> **What the exercise asks**
Every record below must be retyped exactly, with the pictures left out.

> **Data excerpts**
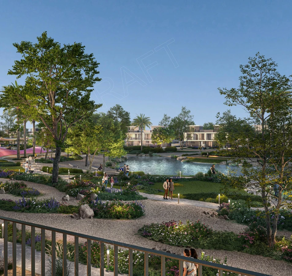 The community boasts a wide range of world-class amenities, including multiple sports courts (tennis, padel, basketball), a skate park, adventure playgrounds for children, yoga and meditation decks, sensorial gardens, and pedestrian-friendly promenades.
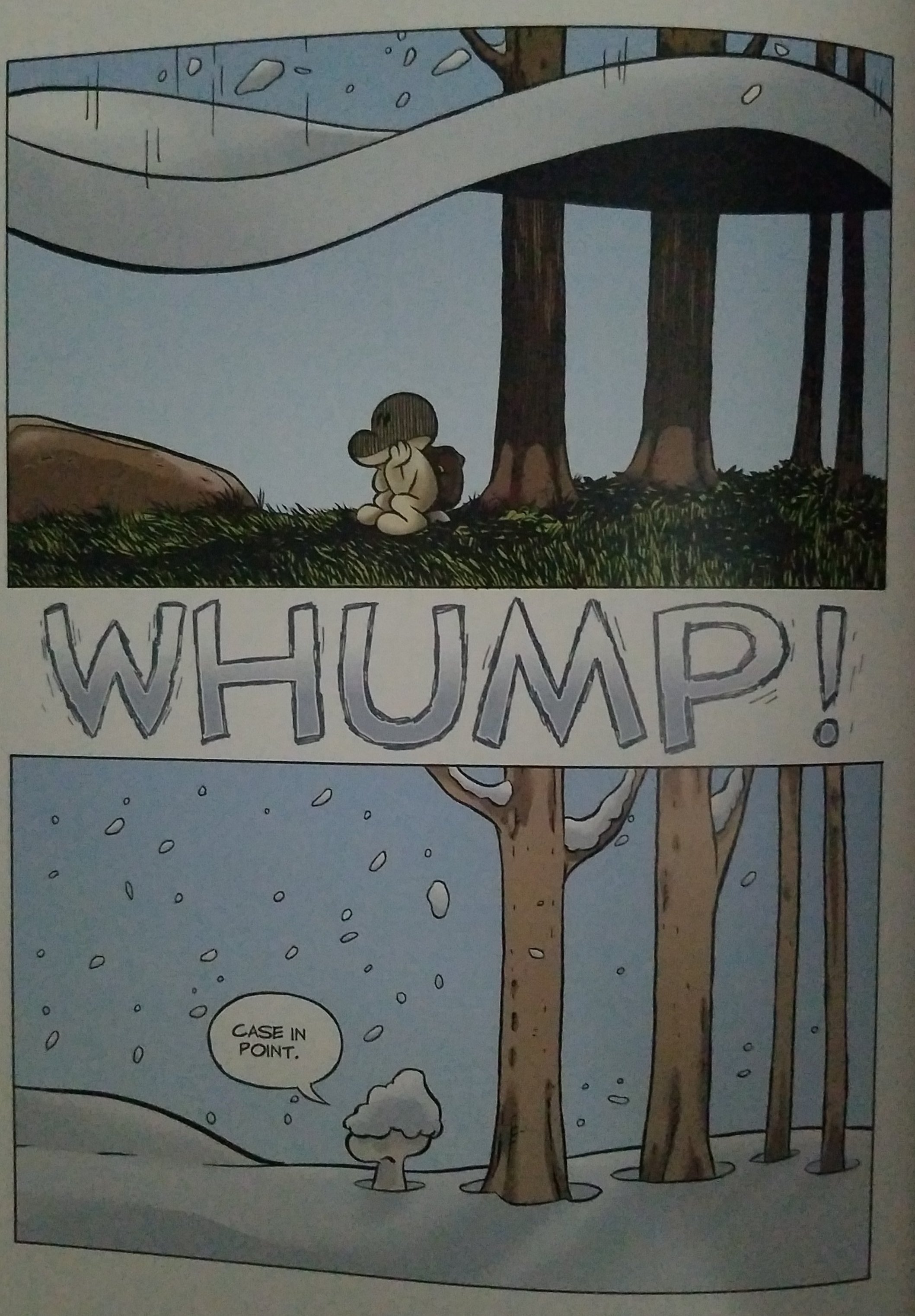 The example I chose for the time frame, is the part of the book where winter arrives. Earlier in the story, Fone Bone is warned by Ted, a leaf-shaped bug, about winter in the Valley, which hits “fast n’ hard in these parts.” Fone Bone sits to ponder what he should do next when winter hits. This scene, while telling the readers what exactly happened before and after, leaves it up to our interpretation exactly how hard the snow fell. For all we know, the ground could have quaked a bit because of the WHUMP! onomatopoeia. Fone Bone could have been completely buried before poking back up out of the snow. That’s not even counting what happened off-screen, as this snow falls all over the valley like this.
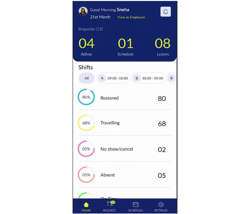 Employees loved the mobile app to schedule themselves and track their cabs, which reduced travel time and improved satisfaction.
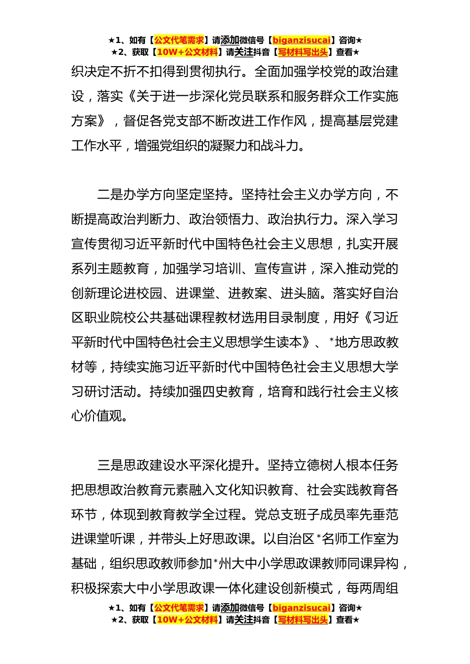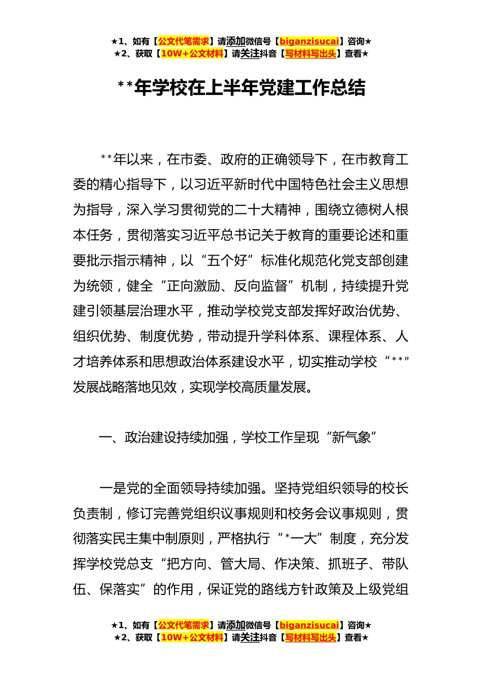 ★1、如有【公文代笔需求】请添加微信号【biganzisucai】咨询★★2、获取【10W+公文材料】请关注抖音【写材料写出头】查看★**年学校在上半年党建工作总结**年以来,在市委、政府的正确领导下,在市教育工委的精心指导下,以习近平新时代中国特色社会主义思想为指导,深入学习贯彻党的二十大精神,围绕立德树人根本任务,贯彻落实习近平总书记关于教育的重要论述和重要批示指示精神,以“五个好”标准化规范化党支部创建为统领,健全“正向激励、反向监督”机制,持续提升党建引领基层治理水平,推动学校党支部发挥好政治优势、组织优势、制度优势,带动提升学科体系、课程体系、人才培养体系和思想政治体系建设水平,切实推动学校“**”发展战略落地见效,实现学校高质量发展。一、政治建设持续加强,学校工作呈...
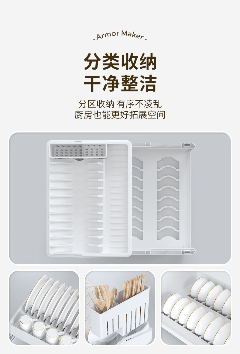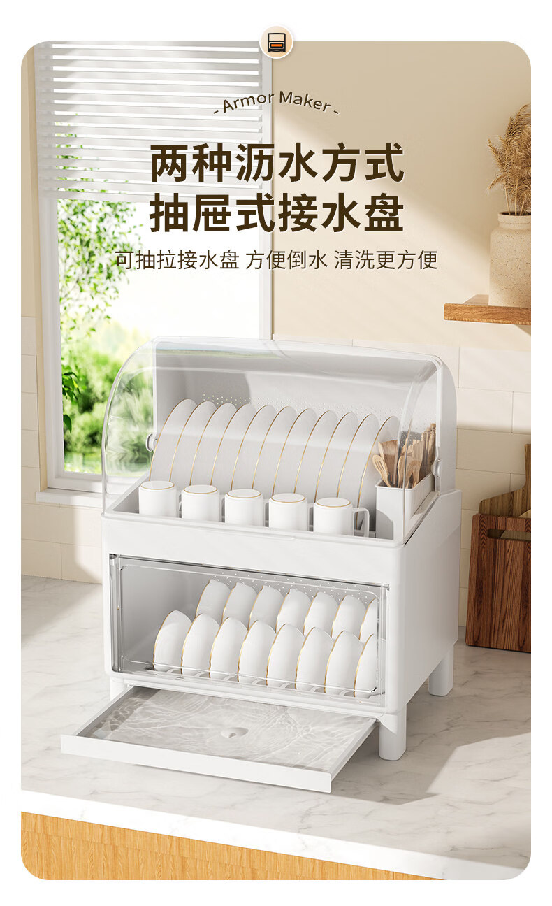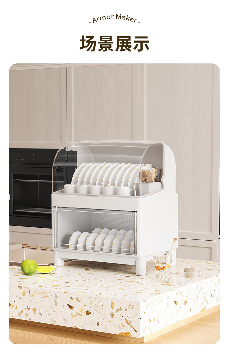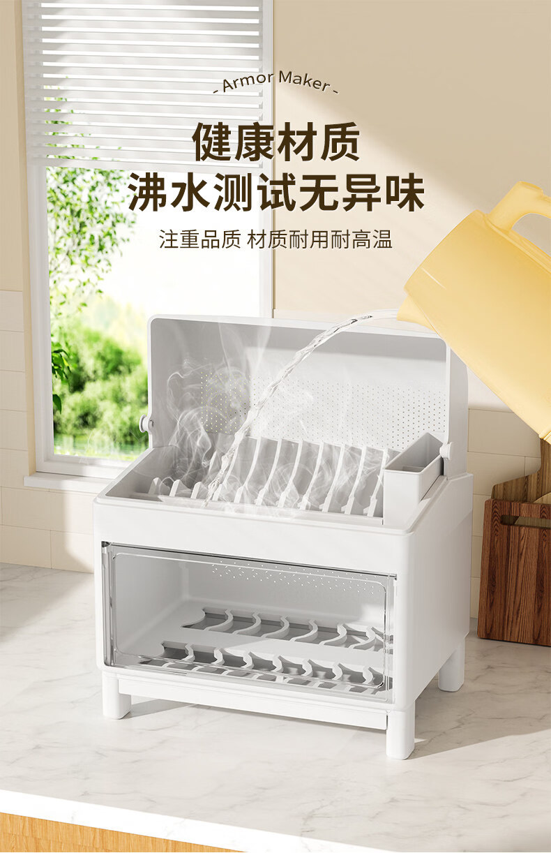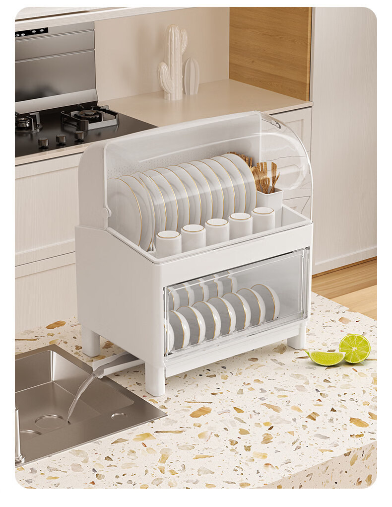 Tuojin German imported high-quality kitchen dish rack and chopsticks storage box with lid for tableware, bowls and dishes, drain rack, luxury double-layered high-looking green, high, damage guarantee
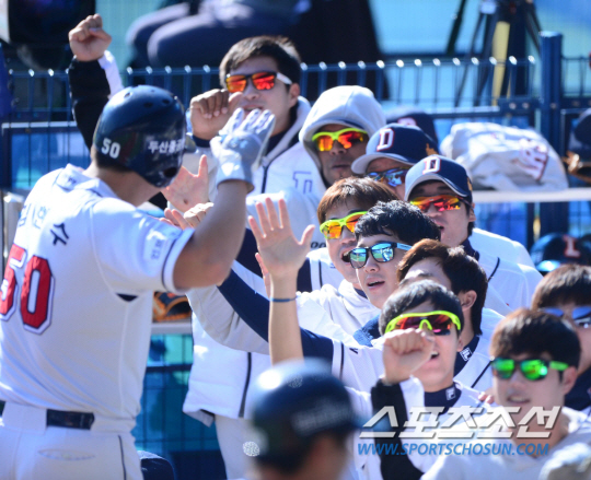두산 김현수가 31일 잠실에서 열린 삼성과의 한국시리즈 5차전서 1회말 2사 1,2루서 양의지의 적시타 때 득점을 올린 뒤 동료들과 하이파이브를 하고 있다. 잠실=김경민 기자 kyungmin@sportschosun.com
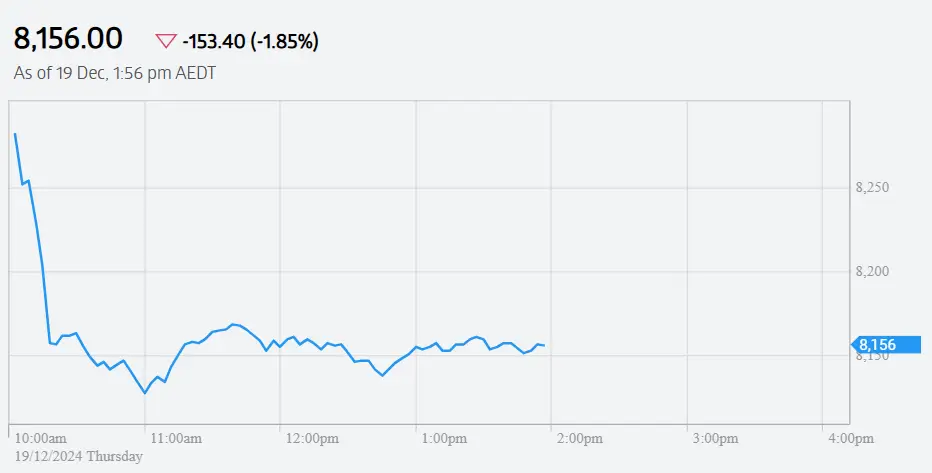 Figure 1: Performance of ASX200 as of 1:56 pm AEDT., December 19th, 2024
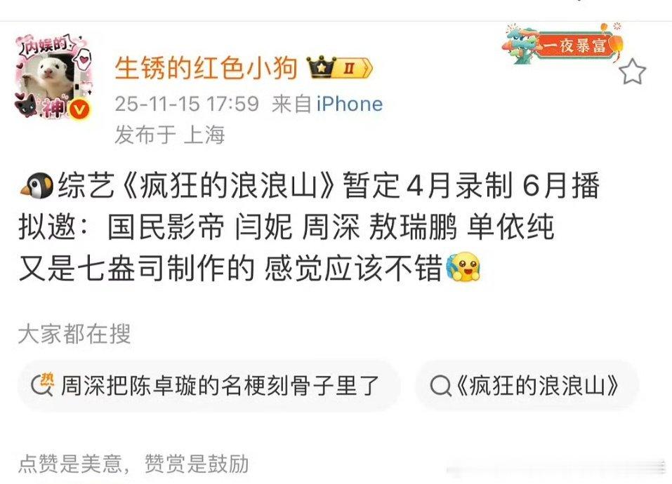 成毅尖叫男演员已经确定,C位海报已经做好了!
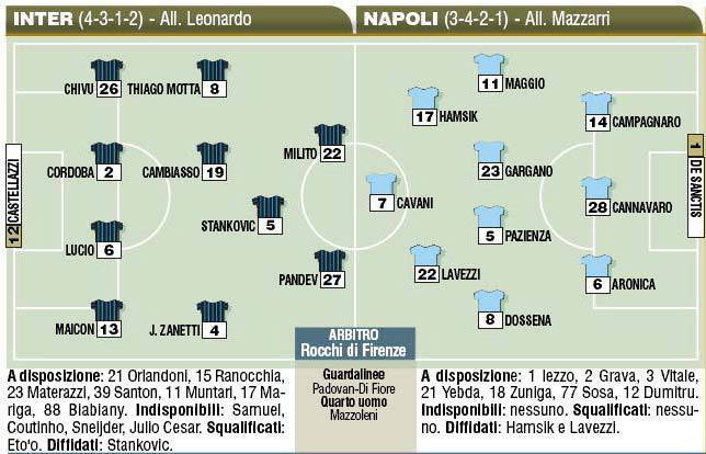FANTACALCIO SERIE A INTER NAPOLI FORMAZIONI – Questa sera grande big match a San Siro tra Inter e Napoli. Il tecnico nerazzurro Leonardo si affida alla vecchie guardia, Mazzarri al rientro di Lavezzi. Ecco le formazioni del Corriere dello Sport.
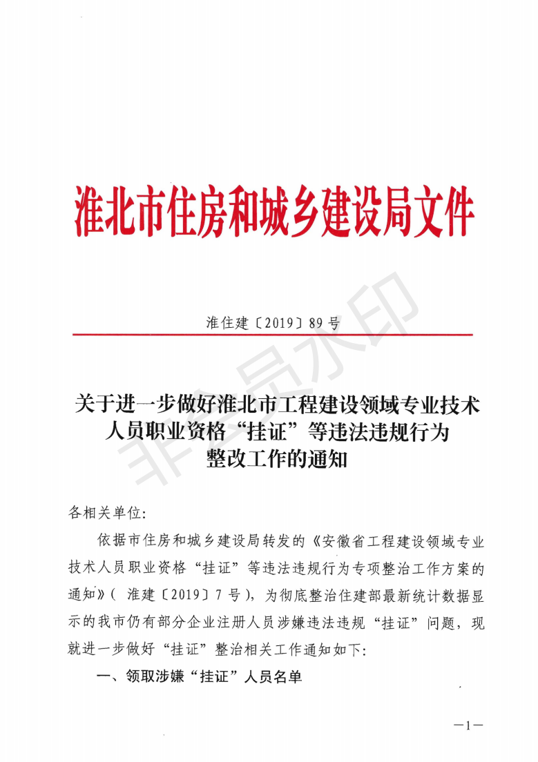 附:关于进一步做好淮北市工程建设领域专业技术人员职业资格“挂证”等违法违规行为整改工作的通知

> **Exercise response**
 The community boasts a wide range of world-class amenities, including multiple sports courts (tennis, padel, basketball), a skate park, adventure playgrounds for children, yoga and meditation decks, sensorial gardens, and pedestrian-friendly promenades.
 The example I chose for the time frame, is the part of the book where winter arrives. Earlier in the story, Fone Bone is warned by Ted, a leaf-shaped bug, about winter in the Valley, which hits “fast n’ hard in these parts.” Fone Bone sits to ponder what he should do next when winter hits. This scene, while telling the readers what exactly happened before and after, leaves it up to our interpretation exactly how hard the snow fell. For all we know, the ground could have quaked a bit because of the WHUMP! onomatopoeia. Fone Bone could have been completely buried before poking back up out of the snow. That’s not even counting what happened off-screen, as this snow falls all over the valley like this.
 Employees loved the mobile app to schedule themselves and track their cabs, which reduced travel time and improved satisfaction.
 ★1、如有【公文代笔需求】请添加微信号【biganzisucai】咨询★★2、获取【10W+公文材料】请关注抖音【写材料写出头】查看★**年学校在上半年党建工作总结**年以来,在市委、政府的正确领导下,在市教育工委的精心指导下,以习近平新时代中国特色社会主义思想为指导,深入学习贯彻党的二十大精神,围绕立德树人根本任务,贯彻落实习近平总书记关于教育的重要论述和重要批示指示精神,以“五个好”标准化规范化党支部创建为统领,健全“正向激励、反向监督”机制,持续提升党建引领基层治理水平,推动学校党支部发挥好政治优势、组织优势、制度优势,带动提升学科体系、课程体系、人才培养体系和思想政治体系建设水平,切实推动学校“**”发展战略落地见效,实现学校高质量发展。一、政治建设持续加强,学校工作呈...
 Tuojin German imported high-quality kitchen dish rack and chopsticks storage box with lid for tableware, bowls and dishes, drain rack, luxury double-layered high-looking green, high, damage guarantee
두산 김현수가 31일 잠실에서 열린 삼성과의 한국시리즈 5차전서 1회말 2사 1,2루서 양의지의 적시타 때 득점을 올린 뒤 동료들과 하이파이브를 하고 있다. 잠실=김경민 기자 kyungmin@sportschosun.com
 Figure 1: Performance of ASX200 as of 1:56 pm AEDT., December 19th, 2024
 成毅尖叫男演员已经确定,C位海报已经做好了!
FANTACALCIO SERIE A INTER NAPOLI FORMAZIONI – Questa sera grande big match a San Siro tra Inter e Napoli. Il tecnico nerazzurro Leonardo si affida alla vecchie guardia, Mazzarri al rientro di Lavezzi. Ecco le formazioni del Corriere dello Sport.
 附:关于进一步做好淮北市工程建设领域专业技术人员职业资格“挂证”等违法违规行为整改工作的通知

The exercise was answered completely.